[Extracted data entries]
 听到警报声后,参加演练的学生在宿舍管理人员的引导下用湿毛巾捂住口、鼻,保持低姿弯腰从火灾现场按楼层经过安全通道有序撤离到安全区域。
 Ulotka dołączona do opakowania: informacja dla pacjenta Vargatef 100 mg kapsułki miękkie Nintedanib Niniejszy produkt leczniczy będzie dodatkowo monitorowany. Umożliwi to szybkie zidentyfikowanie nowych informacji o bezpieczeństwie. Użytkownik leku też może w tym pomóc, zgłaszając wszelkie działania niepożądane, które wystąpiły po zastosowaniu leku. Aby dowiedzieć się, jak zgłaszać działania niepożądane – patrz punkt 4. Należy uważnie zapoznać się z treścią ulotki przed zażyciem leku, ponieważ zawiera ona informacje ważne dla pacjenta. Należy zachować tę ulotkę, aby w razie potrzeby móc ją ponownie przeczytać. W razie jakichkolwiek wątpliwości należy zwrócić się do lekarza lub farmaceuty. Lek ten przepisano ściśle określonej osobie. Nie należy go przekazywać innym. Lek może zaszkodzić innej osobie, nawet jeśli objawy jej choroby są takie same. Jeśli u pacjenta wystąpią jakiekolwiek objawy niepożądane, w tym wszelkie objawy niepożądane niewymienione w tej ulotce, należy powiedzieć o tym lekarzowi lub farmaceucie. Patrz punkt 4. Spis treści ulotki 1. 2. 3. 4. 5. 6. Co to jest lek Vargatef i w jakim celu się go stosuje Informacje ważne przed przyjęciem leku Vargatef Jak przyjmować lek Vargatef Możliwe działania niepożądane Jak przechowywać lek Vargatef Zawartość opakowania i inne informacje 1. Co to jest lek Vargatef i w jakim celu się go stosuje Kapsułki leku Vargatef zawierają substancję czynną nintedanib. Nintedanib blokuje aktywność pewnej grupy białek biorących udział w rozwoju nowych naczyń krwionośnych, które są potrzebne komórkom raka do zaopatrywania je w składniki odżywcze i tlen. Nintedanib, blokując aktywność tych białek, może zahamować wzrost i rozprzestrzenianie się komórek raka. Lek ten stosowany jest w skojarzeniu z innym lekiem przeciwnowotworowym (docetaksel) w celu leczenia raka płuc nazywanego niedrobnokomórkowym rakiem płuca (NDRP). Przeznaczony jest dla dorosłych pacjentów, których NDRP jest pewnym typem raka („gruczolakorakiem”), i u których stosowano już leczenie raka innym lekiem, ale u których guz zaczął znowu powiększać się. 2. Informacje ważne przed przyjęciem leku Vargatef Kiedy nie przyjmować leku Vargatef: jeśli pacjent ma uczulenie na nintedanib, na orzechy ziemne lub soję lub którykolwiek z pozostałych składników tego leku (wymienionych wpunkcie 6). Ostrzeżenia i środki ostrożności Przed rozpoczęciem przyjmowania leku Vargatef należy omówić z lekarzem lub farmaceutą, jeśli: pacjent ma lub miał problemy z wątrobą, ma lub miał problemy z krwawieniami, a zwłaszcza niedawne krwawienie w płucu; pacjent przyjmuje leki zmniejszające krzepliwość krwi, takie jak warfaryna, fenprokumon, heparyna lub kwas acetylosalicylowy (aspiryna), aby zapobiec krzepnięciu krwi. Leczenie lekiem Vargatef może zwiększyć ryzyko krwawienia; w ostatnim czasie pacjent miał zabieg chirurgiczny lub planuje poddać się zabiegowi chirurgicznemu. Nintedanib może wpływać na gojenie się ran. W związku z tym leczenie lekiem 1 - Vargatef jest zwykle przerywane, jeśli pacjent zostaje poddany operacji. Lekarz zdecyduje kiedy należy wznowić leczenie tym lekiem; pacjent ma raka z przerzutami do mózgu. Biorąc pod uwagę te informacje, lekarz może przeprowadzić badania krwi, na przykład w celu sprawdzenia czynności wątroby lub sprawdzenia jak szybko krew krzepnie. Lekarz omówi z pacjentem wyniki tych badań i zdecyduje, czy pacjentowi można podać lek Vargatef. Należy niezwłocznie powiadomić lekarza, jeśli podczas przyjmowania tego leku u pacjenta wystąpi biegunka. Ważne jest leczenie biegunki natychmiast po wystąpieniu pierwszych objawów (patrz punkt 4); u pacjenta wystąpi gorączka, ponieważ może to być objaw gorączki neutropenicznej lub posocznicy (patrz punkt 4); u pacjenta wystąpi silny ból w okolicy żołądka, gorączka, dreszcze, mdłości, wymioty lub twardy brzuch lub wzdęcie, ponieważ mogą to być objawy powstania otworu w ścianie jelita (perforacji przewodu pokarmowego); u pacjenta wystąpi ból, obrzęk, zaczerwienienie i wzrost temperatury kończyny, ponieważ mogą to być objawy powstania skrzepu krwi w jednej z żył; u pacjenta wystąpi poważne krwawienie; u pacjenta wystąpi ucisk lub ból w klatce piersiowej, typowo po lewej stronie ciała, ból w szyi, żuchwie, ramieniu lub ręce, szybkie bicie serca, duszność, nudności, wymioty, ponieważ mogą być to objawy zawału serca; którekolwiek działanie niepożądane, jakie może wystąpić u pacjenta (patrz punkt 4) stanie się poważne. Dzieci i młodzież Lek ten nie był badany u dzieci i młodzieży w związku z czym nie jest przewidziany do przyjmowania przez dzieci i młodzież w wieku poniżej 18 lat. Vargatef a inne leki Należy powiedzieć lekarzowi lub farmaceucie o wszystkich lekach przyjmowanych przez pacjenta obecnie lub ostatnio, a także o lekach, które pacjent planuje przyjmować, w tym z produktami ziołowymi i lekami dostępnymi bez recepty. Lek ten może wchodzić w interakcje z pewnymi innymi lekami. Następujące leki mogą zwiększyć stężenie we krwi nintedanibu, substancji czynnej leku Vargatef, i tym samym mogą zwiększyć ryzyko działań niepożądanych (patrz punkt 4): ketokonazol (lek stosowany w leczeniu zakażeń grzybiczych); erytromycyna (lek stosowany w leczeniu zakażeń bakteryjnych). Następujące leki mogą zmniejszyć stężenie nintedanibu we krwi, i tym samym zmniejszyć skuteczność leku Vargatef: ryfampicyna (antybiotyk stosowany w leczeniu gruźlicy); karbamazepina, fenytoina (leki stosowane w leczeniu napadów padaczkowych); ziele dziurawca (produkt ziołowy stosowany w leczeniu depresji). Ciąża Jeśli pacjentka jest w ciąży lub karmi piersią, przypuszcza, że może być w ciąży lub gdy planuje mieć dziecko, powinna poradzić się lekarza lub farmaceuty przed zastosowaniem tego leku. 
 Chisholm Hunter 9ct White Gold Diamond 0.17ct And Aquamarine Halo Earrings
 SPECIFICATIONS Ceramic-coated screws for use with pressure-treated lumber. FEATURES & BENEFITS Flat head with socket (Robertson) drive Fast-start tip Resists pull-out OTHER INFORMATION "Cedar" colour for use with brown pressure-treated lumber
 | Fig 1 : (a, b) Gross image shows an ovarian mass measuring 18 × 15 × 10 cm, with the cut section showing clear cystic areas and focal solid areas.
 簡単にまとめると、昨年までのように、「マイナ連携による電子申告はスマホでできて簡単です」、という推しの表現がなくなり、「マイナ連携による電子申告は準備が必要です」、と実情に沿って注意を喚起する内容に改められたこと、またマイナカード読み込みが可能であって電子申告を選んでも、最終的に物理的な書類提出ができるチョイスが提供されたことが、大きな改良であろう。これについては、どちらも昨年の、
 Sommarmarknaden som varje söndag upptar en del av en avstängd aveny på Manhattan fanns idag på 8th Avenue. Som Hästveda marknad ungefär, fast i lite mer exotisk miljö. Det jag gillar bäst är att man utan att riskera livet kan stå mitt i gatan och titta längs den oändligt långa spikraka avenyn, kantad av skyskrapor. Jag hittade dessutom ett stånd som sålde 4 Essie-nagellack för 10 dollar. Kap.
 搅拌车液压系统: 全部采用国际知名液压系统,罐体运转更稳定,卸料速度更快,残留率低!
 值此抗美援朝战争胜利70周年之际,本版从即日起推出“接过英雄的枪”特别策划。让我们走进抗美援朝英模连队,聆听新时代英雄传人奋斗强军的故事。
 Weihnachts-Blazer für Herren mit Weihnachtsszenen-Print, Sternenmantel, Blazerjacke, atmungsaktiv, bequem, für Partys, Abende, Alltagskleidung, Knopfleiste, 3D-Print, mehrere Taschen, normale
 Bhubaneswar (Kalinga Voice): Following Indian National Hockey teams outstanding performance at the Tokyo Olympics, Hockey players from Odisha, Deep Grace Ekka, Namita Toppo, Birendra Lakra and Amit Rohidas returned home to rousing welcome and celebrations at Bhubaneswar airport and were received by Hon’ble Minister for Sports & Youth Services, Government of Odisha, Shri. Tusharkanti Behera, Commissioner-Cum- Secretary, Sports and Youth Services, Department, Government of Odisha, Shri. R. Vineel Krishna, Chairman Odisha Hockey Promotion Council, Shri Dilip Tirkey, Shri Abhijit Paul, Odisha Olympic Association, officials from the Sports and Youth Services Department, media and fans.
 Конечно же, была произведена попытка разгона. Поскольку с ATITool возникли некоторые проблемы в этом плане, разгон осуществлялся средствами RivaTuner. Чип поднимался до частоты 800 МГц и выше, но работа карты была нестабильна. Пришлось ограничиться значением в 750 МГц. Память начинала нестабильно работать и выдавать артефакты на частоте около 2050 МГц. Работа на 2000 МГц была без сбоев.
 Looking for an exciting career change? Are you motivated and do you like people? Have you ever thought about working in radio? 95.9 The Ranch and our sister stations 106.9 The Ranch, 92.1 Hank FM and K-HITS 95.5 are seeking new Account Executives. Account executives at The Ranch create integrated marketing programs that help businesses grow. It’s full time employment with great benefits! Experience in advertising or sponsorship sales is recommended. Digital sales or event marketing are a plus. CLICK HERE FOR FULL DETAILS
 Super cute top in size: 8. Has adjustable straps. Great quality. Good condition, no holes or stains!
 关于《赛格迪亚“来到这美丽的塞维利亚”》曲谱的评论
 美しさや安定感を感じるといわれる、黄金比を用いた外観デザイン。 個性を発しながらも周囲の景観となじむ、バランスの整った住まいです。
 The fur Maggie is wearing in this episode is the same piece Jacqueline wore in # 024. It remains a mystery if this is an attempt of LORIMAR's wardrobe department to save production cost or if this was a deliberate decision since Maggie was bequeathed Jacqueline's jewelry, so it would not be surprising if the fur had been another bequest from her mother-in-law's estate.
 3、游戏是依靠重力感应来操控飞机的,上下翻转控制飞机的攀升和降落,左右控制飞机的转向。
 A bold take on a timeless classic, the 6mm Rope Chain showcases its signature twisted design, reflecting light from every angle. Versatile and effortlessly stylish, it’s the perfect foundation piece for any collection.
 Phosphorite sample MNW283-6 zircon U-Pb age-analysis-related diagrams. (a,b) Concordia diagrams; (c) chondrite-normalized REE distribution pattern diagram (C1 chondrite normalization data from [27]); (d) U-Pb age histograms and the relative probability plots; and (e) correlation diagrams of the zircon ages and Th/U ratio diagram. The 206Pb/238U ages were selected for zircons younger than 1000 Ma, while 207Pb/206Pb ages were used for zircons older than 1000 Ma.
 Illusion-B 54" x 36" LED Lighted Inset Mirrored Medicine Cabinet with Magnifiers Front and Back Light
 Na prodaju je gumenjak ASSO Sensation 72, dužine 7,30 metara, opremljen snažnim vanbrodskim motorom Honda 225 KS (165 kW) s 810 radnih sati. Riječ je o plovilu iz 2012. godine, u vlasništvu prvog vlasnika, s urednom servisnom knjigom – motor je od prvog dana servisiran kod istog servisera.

# Task to carry out
Begin at the line above that has "SPECIFICATIONS Ceramic-coated screws" and stop after the line that has "focal solid areas.", copying each line exactly and adding nothing else.

# Exercise answer
 SPECIFICATIONS Ceramic-coated screws for use with pressure-treated lumber. FEATURES & BENEFITS Flat head with socket (Robertson) drive Fast-start tip Resists pull-out OTHER INFORMATION "Cedar" colour for use with brown pressure-treated lumber
 | Fig 1 : (a, b) Gross image shows an ovarian mass measuring 18 × 15 × 10 cm, with the cut section showing clear cystic areas and focal solid areas.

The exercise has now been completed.